Kekuatan itulah yang membuat pengaturan jamaah di dalam Masjidil Haram serba salah. Semua orang ingin shalat di depan Ka’bah. Sedekat mungkin. Nggada yang pengen jauh. Apalagi di luar, di pekarangan Masjidil Haram.

Memang benar ada banyak petugas keamanan, baik laki-laki maupun perempuan. Mereka biasa disebut Askar. Tapi mereka tak mampu mengatur jutaan jamaah, karena jutaan jamaah ini sulit mengatur dirinya. Ketertiban hanya bisa terjadi di ruang sisi terjauh dari Ka’bah, dimana lokasi laki-laki dan perempuan dipisahkan. Tapi semakin mendekati Ka’bah?
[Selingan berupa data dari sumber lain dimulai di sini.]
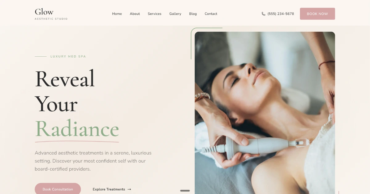 Elegant med spa website showcasing wellness services, treatment options, and appointment booking.

Semakin kacau balau.
Bisa saja alasannya adalah takut terpisah dan tersesat. Bisa dimaklumi sih. Melihat lautan jutaan manusia membuat nyali ciut. Sudah berita setiap hari ada jamaah tersesat, terpisah, tidak tahu jalan pulang, dll. Ibadah berdampingan adalah solusi paling praktis agar tidak terpisah dan dapat pulang dengan aman. Tapi konsekuensinya tempat laki-laki dan perempuan tercampur.
Ulama Arab Saudi tersebut (saya lupa namanya, dicari di sumber beritanya koq ngga nemu) berdalih bahwa dahulu Masjidil Haram pernah dibongkar untuk perluasan. Artinya saat inipun bisa dilakukan pembongkaran serupa.
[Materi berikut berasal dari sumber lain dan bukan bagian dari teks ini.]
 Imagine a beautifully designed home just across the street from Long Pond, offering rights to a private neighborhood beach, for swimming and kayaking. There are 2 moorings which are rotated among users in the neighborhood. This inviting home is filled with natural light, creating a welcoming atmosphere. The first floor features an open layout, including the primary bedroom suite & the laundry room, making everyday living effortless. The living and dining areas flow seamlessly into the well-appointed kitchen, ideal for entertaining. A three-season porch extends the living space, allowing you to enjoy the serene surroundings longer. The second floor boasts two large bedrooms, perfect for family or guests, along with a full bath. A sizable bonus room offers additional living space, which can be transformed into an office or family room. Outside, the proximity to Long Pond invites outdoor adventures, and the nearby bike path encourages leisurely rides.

Meski tujuan ulama ini baik, tapi tidak realistis dan tepat sasaran. Masalah utamanya ada pada pengelolaan/ pengaturan jamaah, walau benar penataan ruang bagian dalam Masjidil Haram ikut berperan. Mungkin akan lebih teratur jika desain Masjidil Haram berbentuk oval atau lingkaran seperti stadion utama Senayan.

Yang paling tepat disampaikan oleh pengelola Masjidil Haram adalah sosialisasi dan pelarangan agar ketertiban tercipta. Sampaikan secara estafet kepada para jamaah atau pemimpinnya, serta lakukan secara tegas kepada pelanggar. Tidak perlu Masjidil Haram dibongkar.

Komentar

Anonim mengatakan…
Makalah yg menarik mas.
Saya ingin berkomentar sedikit.

Selain masalah kepadatan para jemaah haji yang meningkat, juga masalah tarbiah atau pendidikan ilmu syar'i. Tidak ada yg bisa mengatur manusia kecuali aturan syar'i yg datang dari Allah Subhanahuwata'ala sendiri.

Misal perihal bersentuhan kulit laki-laki dan perempuan. Yang benar berdasarkan dalil Al Qur'an dan Hadits menurut pemahaman kesepakatan para sahabat / ulama terdahulu. Bersentuhan kulit dengan lain jenis tidak membatalkan wudhu. Tapi bersentuhan kulit secara sengaja hukumnya haram. Jadi wudhu tidak batal, tapi si fulan terkena dosa haram tersebut. Namun jika tidak sengaja, maka tidak mengapa.

Perihal aturan beribadah adalah tanggung jawab tuan rumah atau pengurus ka'bah dan masjidil haram atau tepatnya ulil amri / pemerintah sana. Jika dimaksudkan untuk ketertiban, maka lebih benar dibanding benar2 untuk menghancurkan. Memang benar, perluasan masjidil haram pernah terjadi. Sy pernah baca sejarah sahihnya.

Yang lebih penting lagi, sebaiknya kita orang islam jangan puas dalam kondisi awam terus. Menuntut ilmu syar'i itu wajib bagi setiap muslim. Yang tahu memberi tahu, yang tidak tahu harus mencari dan bertanya kepada ahlinya.